** Opening INFORMATION SUPPLIED block **

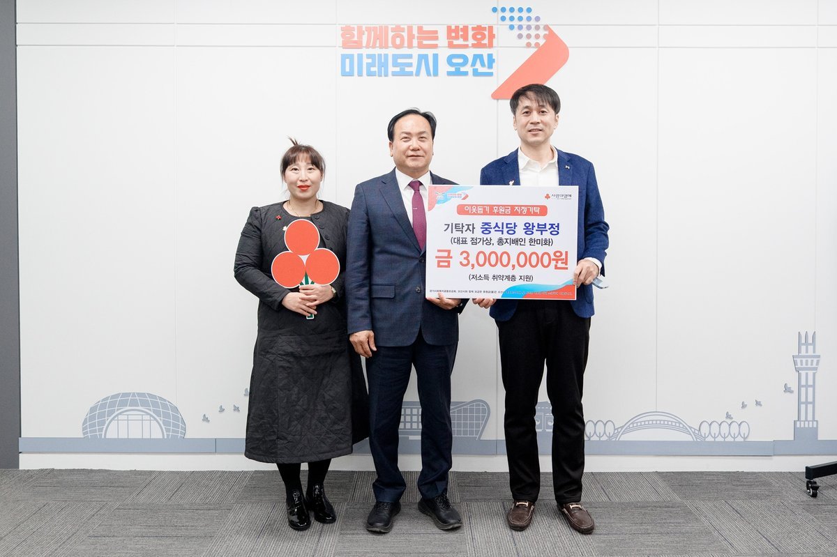 오산시 왕부정 유한회사로부터 저소득 취약계층 지원 성금 300만 원 기탁 받아 오산시 제공
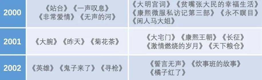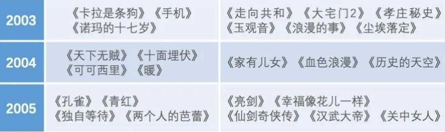 在明確中國現代Ⅱ第二波具有流動回溯的現代性這一特質以及影視藝術在人生情境體驗營造上的美學特長的交叉點上,可以更清晰地觀察21世紀初中國影視潮的狀況。從下列表格的簡要列舉,可以對這二十年中國影視潮中的部分作品作一次匆匆瀏覽:
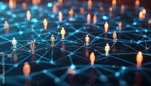 Community network visual with diverse figures interconnected by digital lines.
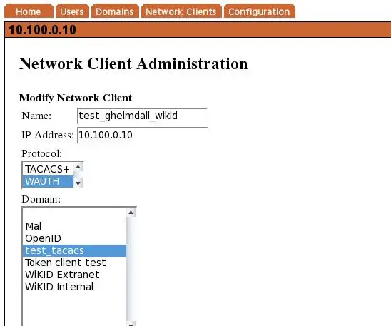 После создания домена откройте вкладку Network Client и нажмите Create New Network Client. Укажите имя клиента и IP‑адрес сервера Gheimdall, выберите протокол wAuth и выберите домен, созданный ранее.

** Closing INFORMATION SUPPLIED block **

Nothing but the listing, copied exactly and stripped of its images, should appear in the response.

**RESPONSE TO THIS EXERCISE**
 오산시 왕부정 유한회사로부터 저소득 취약계층 지원 성금 300만 원 기탁 받아 오산시 제공
 在明確中國現代Ⅱ第二波具有流動回溯的現代性這一特質以及影視藝術在人生情境體驗營造上的美學特長的交叉點上,可以更清晰地觀察21世紀初中國影視潮的狀況。從下列表格的簡要列舉,可以對這二十年中國影視潮中的部分作品作一次匆匆瀏覽:
 Community network visual with diverse figures interconnected by digital lines.
 После создания домена откройте вкладку Network Client и нажмите Create New Network Client. Укажите имя клиента и IP‑адрес сервера Gheimdall, выберите протокол wAuth и выберите домен, созданный ранее.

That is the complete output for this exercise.